Effective therapy of murine models of human leukemia and lymphoma with radiolabeled anti-CD30 antibody, HeFi-1

CD30 is a member of the TNF receptor superfamily. Overexpression of CD30 on some neoplasms versus limited expression on normal tissues makes this receptor a promising target for antibody-based therapy. Radioimmunotherapy of cancer with radiolabeled antibodies has shown promise. In this study, we evaluated the therapeutic efficacy of an anti-CD30 antibody, HeFi-1, armed with ²¹¹At in a leukemia (karpas299) model and with ⁹⁰Y in a lymphoma (SUDHL-1) model. Furthermore, we investigated the combination therapy of ²¹¹At-HeFi-1 with unmodified HeFi-1 in the leukemia model. Treatment with unmodified HeFi-1 significantly prolonged the survival of the karpas299-bearing mice compared with the controls (P < 0.001). Treatment with ²¹¹At-HeFi-1 showed greater therapeutic efficacy than that with unmodified HeFi-1 as shown by survival of the mice (P < 0.001).

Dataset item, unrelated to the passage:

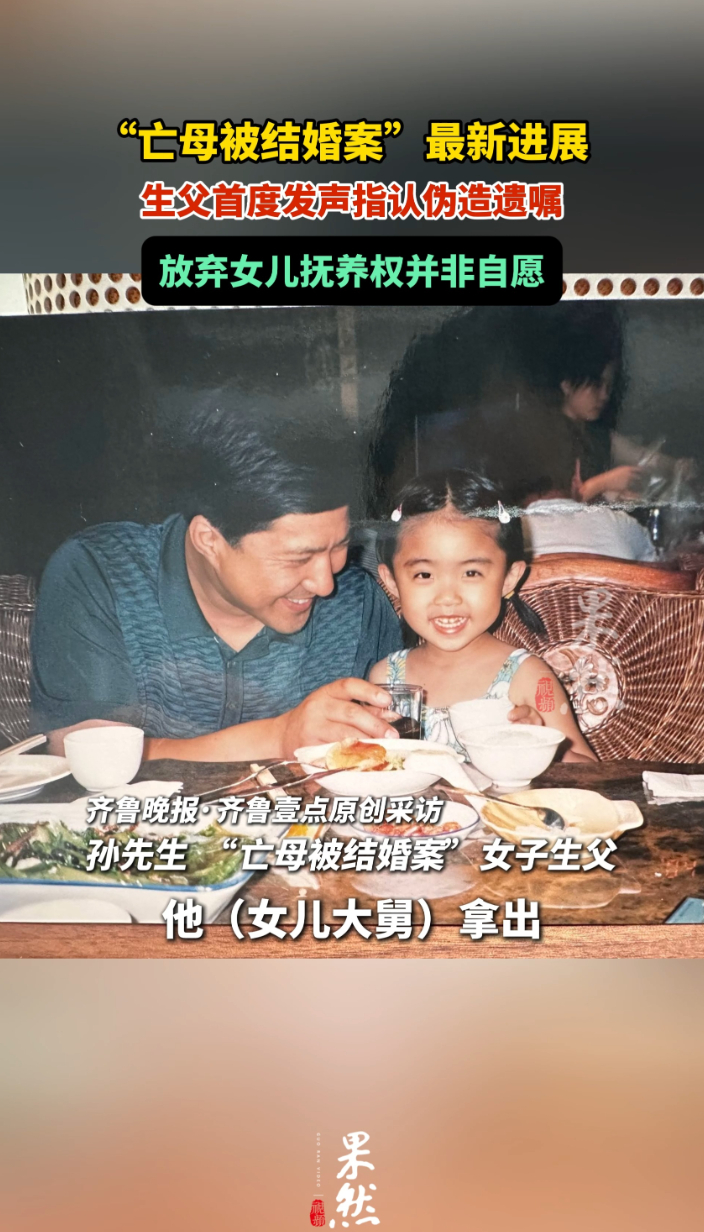 果然视频|“亡母被结婚案”女子生父首度发声,指认遗嘱伪造齐鲁晚报·齐鲁壹点客户端 16:23原创3月23日,河南鲁山“女子举报母亲去世后被伪造身份结婚、遗产遭侵占”案当事人的亲生父亲孙先生接受齐鲁晚报·齐鲁壹点采访,首度公开回应:当年签署放弃女儿抚养权协议并非出于自愿,并指认前妻赵某留下的遗嘱系伪造。

Combining these two agents further improved the survival of the mice compared with the groups treated with either ²¹¹At-HeFi-1 (P < 0.05) or unmodified HeFi-1 (P < 0.001) alone. In the lymphoma model, the survival of the SUDHL-1-bearing mice was significantly prolonged by the treatment with ⁹⁰Y-HeFi-1 compared with the controls (P < 0.001). In summary, radiolabeled HeFi-1 is very promising for the treatment of CD30-expressing leukemias and lymphomas, and the combination regimen of ²¹¹At-HeFi-1 with unmodified HeFi-1 enhanced the therapeutic efficacy.